Verteidigung
Deutsch-französische Gespräche über engere Kooperation bei atomarer Abschreckung

Deutschland und Frankreich haben offenbar Gespräche über eine engere Kooperation bei der atomaren Abschreckung aufgenommen. Der Sicherheitsberater von Bundeskanzler Merz, Sautter, sei bereits am Mittwoch für eine erste Runde nach Paris gereist, schreibt "Der Spiegel".

    Aus einem großen Armeefahrzeug wird eine französische Atomrakete abgefeuert. Drum herum Büsche und grüne Natur.
    Start einer atomwaffenfähigen Rakete der französischen Armee. (Getty Images / Gamma-Rapho / Jean-Claude FRANCOLON)
    Laut dem Bericht nahmen auch andere europäische Staaten an den Beratungen teil.
    Merz hatte mit dem französischen Präsidenten Macron schon im März eine sogenannte nukleare Lenkungsgruppe eingerichtet, die Details der Zusammenarbeit auslotet. Wie der "Spiegel" weiter berichtet, soll es zur Vorbereitung auf den Ernstfall gemeinsame Manöver geben. Die Bundeswehr dürfe am konventionellen Teil französischer Nuklearübungen teilnehmen und erhalte Einblick in Frankreichs Atomstandorte, heißt es weiter. Die erste dieser Übungen könnte im September stattfinden.
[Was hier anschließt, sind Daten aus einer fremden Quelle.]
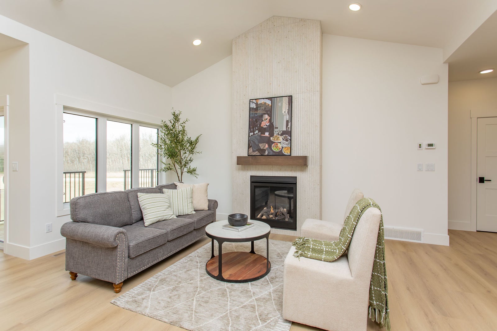 If you’ve been looking for acreage living without giving up convenience, this home in Poplar Pointe Estates is worth a closer look.Built by award-winning Beacon Homes, this brand-new 1,662 sq.ft. bungalow offers a layout that just makes sense. Everything you need is on the main floor—3 bedrooms, 2 bathrooms, and an open living space with vaulted ceilings and a gas fireplace that naturally becomes the heart of the home. The kitchen is well thought out with plenty of storage, a large walk-in pantry, and finishes that feel current without being over the top.The primary suite is set up for comfort, with a walk-through closet connecting directly to the laundry room and a well-designed ensuite featuring a standalone tub, tiled shower, and dual vanities. It’s one of those layouts that quietly makes everyday routines easier.Set on a large lot surrounded by mature trees, this property gives you the space and privacy people are looking for, while still being just minutes from Red Deer and Sylvan Lake. Add in the triple attached garage, energy-efficient construction, and room to grow in the basement, and you have a home that works now and well into the future.
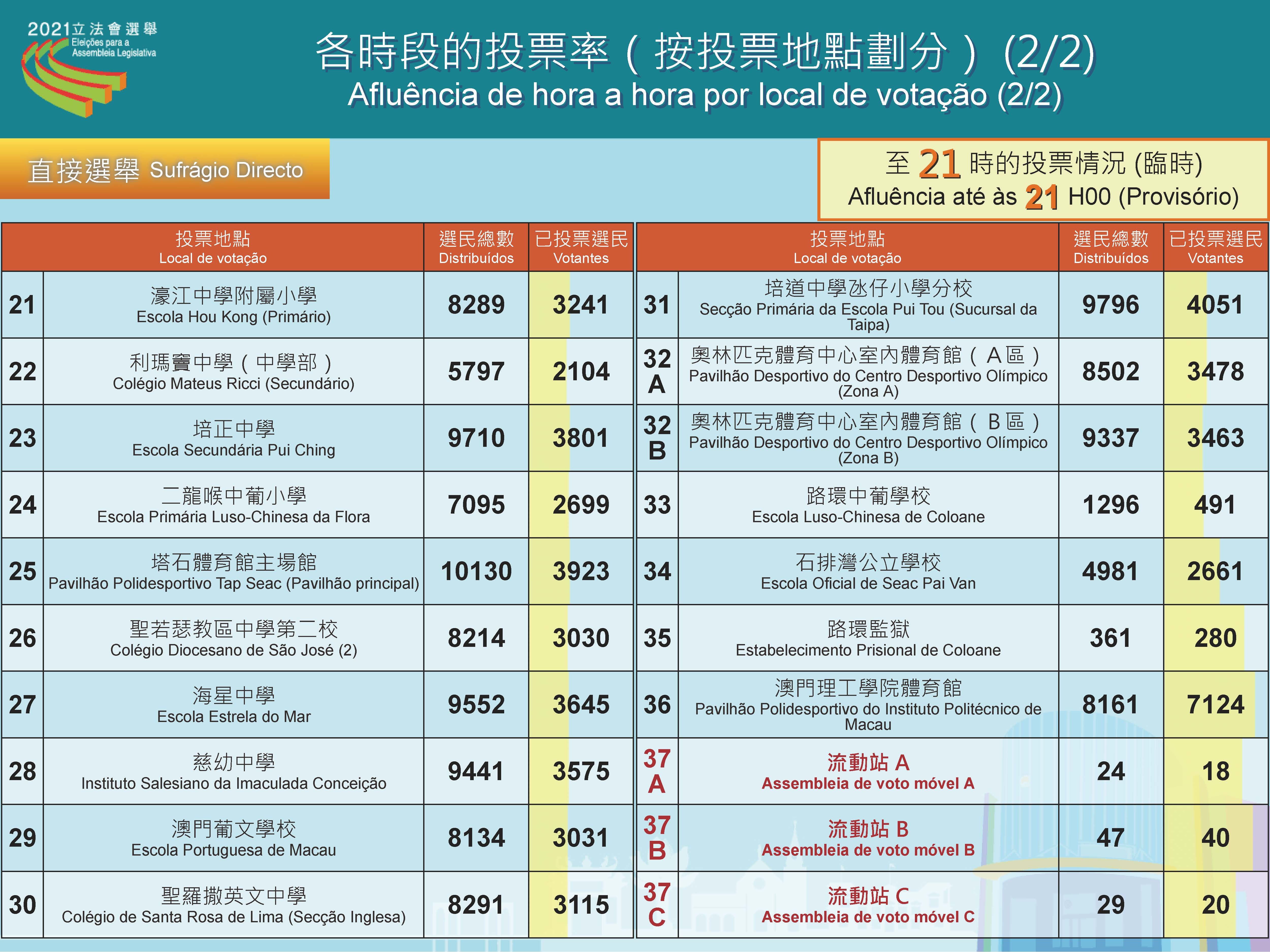 • Taxa de afluência até às 21h00 (provisório)

    Norwegen kommt unter französischen Schutzschirm

    Erst vor wenigen Tagen hatten Frankreich und Norwegen vereinbart, dass das skandinavische Land unter den atomaren Schutzschirm Frankreichs kommt.
    Bisher sind die NATO-Länder Europas unter dem Schutzschirm der USA. Seit dem zweiten Amtsantritt von Präsident Trump gibt es aber zunehmend Zweifel, ob Washington die Europäer etwa in einem Konflikt mit Russland wirklich schützen würde. Deswegen hatten zuletzt auch schon Polen und Litauen den Schutz Frankreichs in Anspruch genommen.
    Diese Nachricht wurde am 30.05.2026 im Programm Deutschlandfunk gesendet.